Она подняла ресницы и тотчас же опустила их.

– О чем ты думаешь, Маргарет? – спросил Шадров.

– Не знаю. Я не сумею это выразить. Но я думала о том, что в любви… отчего… так много жестокости? Или нет, это не то, я ошибаюсь.

Дмитрий Васильевич улыбнулся.

– Ты не ошибаешься, Грета. Любовь только тогда любовь, когда в ней есть – все. Как же взять из любви жестокость? Ведь будет не все. Жестокость – тоже бесконечность. И то, что жестокость есть и должна быть в любви, опять говорит нам: мы любим друг друга не для друг друга, а для… Него, для Третьего, потому что если есть жестокость в моей любви – она не нужна ни мне, ни тебе… она Ему нужна, как всякая бесконечность.

Маргарет опустила вожжи и взяла его руку маленькой, горячей рукой. Он опять измерил мысленно всю их близость, опять ему стало хорошо и больно.

Отчего больно? Кто из двух должен погибнуть?

Каштаны пахли резко и тяжело. Желтые и белые цветы ползли по отвесным камням.

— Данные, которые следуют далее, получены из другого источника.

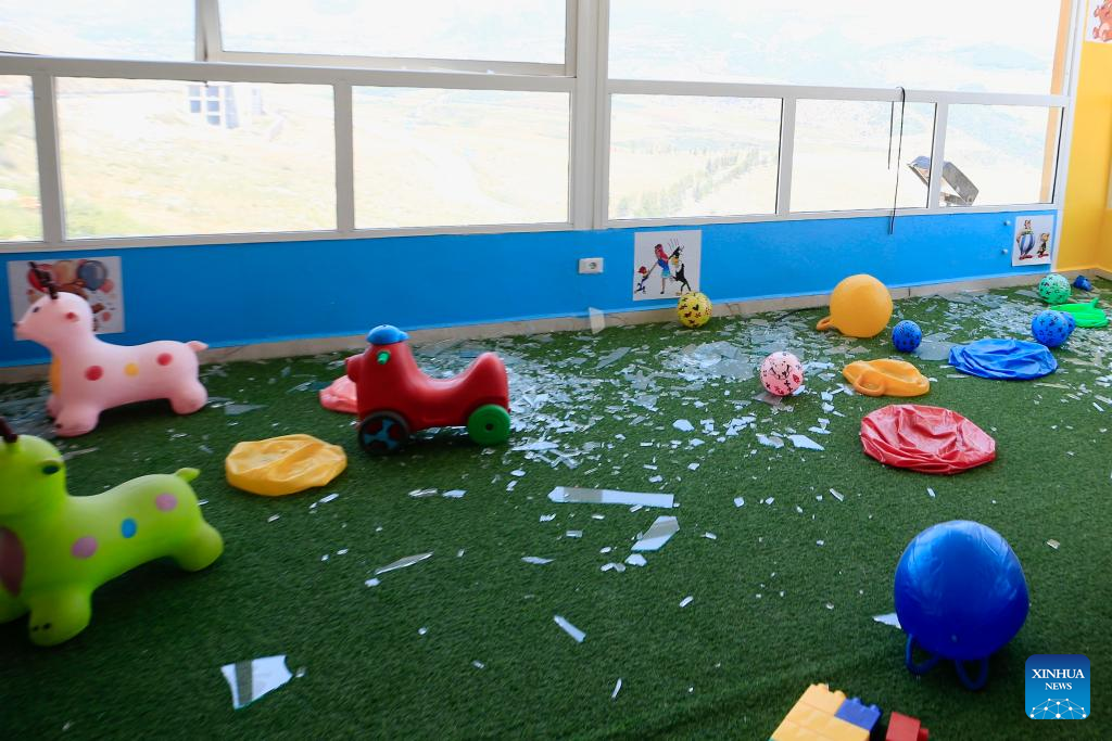 This photo taken on May 8, 2025 shows broken windows in a building after an Israeli airstrike in Kfar Tebnit, Upper Nabatieh, Lebanon. Israeli warplanes carried out a series of intense airstrikes on Thursday on the outskirts of the city of Nabatieh in southern Lebanon, according to official and security sources.

Вдруг Шадров взял вожжи. Лошадь остановилась.

– Посмотри!

Направо деревья и кусты расступились широко. Внизу, за обрывом дороги, была теперь долина, бескрайняя, ровная и ясная, в солнце. Сверкали, как стекло, длинные потоки, купы деревьев чернели пятнами, кое-где видны были дома, маленькие, белые, сжатые вместе. Это города, поселки. Го-генвальд – маленький и темный. С нижнего, дальнего края неба поднималась медленно большая, желто-сизая туча. Вся долина была синяя, без дыма, без пленки. Но простор от этой ясности не сделался близким и узким. Хотелось броситься туда, вниз, но не упасть, а пролететь до края неба, до сизой тучи, над этой ясной глубиной, на неустающих, широких крыльях.

– Я помню, – сказала Маргарет. – Ведь это та же самая долина, которая видна из санатории, только с другой стороны. Из Гогенвальда до нашей санатории всего два часа езды. Я помню вот эту черную колокольню, маленькую, острую. Она была там как раз против скамейки, где тогда… вы… Господи, уже целый год прошел!

– Только один год.

– Как странно, что мы увидели эту долину, ту самую, сегодня! Я раньше ни разу не вспомнила о санатории. Какая я тогда была… Точно в полусне жила. Но я тебя любила. И мы…

– Поедем! – вдруг сказала она другим голосом, точно вспомнив о чем-то, и взяла у него вожжи. Тень прошла по ее оживленному лицу. – Поедем, скорее! Будет гроза.

V

В Марбурге, наверху, стояло несколько экипажей. За столиками, под густыми и низкими деревьями, сидели немцы и пили пиво. Несколько англичанок, с девочками в белых платьях, скучая, смотрели вниз, на долину, которая открывалась и отсюда, еще более отошедшая, все такая же ясная.

Дмитрий Васильевич хотел было пройти выше, в лес, но туча с краев неба тихо и быстро подымалась, желтея, теперь вся рыжая. Проворчал едва слышно гром, точно злая собака во сне пробредила. Деревья притихли и потемнели; бессолнечный теперь простор внизу пояснел еще больше.

– Будет гроза, – сказал Шадров. – надо переждать ее здесь.

Им приготовили стол внутри, в большой, длинной зале, с бесчисленными высокими окнами. Сухой, красноватый, металлический блеск молнии вдруг сверкнул по стеклу окна и через мгновенье рассыпался неожиданно резкий, жидкий удар грома, перелился, сделался глуше и все не хотел замереть.